By Luis Arroyo, in Madrid | I give you today a couple of graphics, which measure how the process of internal devaluation is going in that peripheral crown, Spain. First, the industry labour costs (wages, red line) and producer prices. Then, industrial production. Everything in annual variations.
As readers can see, the boom years were not quite as buoyant in terms of industrial production. Meanwhile, wages were well above the prices, at 4%, trimming production margins. It is a reflection of the brick-and-morter boom, which revitalised wages and sturdy houses while diverting resources from other sectors.
When the financial implosion and the consequent recession, with industrial production falling by 20%, wages rose no less than 5%. That, economically, was pure nonsense, whichever way you consider it. In the short-lived recovery, wages always grew more than industrial prices.
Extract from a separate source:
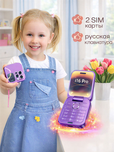 Мобильный телефон раскладушка i16 ПРО мини фиолетовый

Now production falls at rates of 5% per year. For the first time, prices have risen faster than wage costs.
The internal devaluation is an adjustment of costs to competitive levels. For a product to be competitive export, price-cost margins should be sustainable because you lose productive capacity, otherwise: the industrial structures end up destroyed.
So far the internal devaluation adjustment has been by means of large numbers of dismissals. Meanwhile, wages have continued with their positive increases over prices. This reflects the correlation of forces unions/companies in a context of depression, of vanishing demand.
It seems we haven’t come a long way. Now, the industrial production is in recession and further declines approach.